What is GNP and GDP?
GNP stands for Gross National Product while GDP stands for Gross Domestic Product. Both terms represent as indicators of the economic stability or soundness of a particular country. The main difference between the two economic indicators is that GDP has a scope limited to “domestic” location, while GNP covers all “products” in terms of ownership and regardless of location.
On specific terms, GNP refers to all products produced by citizens of a particular country domestically and internationally. This simply means that all earnings by citizens working in other countries are included in the computation for GNP. When computing GNP it includes the GDP value plus the earnings or income gained from citizens and enterprises abroad. In this sense, GNP presents the totality of the citizens’ earnings wherever they are in the world. Like in the case of countries who export many workers abroad, their earnings and the income of their businesses abroad are part of the GNP computation.
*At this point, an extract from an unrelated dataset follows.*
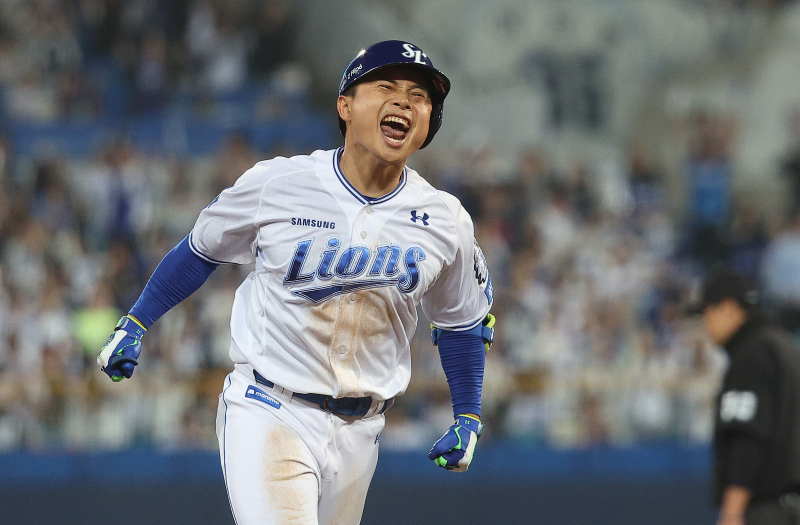 사진=삼성 제공 평소 인상을 쓰며 전력으로 질주하던 베테랑이 베이스를 돌며 포효했다. 홈 플레이트를 밟기 전에 동료에게, 또 더그아웃에 들어와선 관중석을 향해 하트 세리머니까지 했다. 대졸 출신 프로 14년차 김헌곤(36·삼성 라이온즈)의 이야기다.
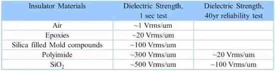 我們選擇二氧化硅作為我們的電介質,是因為它具有非常出色的可靠性。在下表中,我們對隔離產品中有時會使用的一些電介質進行了比較。

On the other hand, GDP refers only to the value of products and/or services of a particular country which are earned domestically for a given period. In economic computations, GDP computation is done on an annual basis. Whatever income is generated from citizens and enterprises on the domestic front are part of the GDP. In terms of computation, GDP includes the country’s consumption value, investments, government spending and the net value of exports minus the imports. In generic terms, GDP is the total worth of a country in terms of its products and/or services produced in its own soil.
Since both GDP and GNP give an overall value of a country’s economy, both may be used to assess economic soundness and stability. GDP is also widely regarded as an indicator of a country’s standard of living as it reflects the domestic resources and income of the country involved.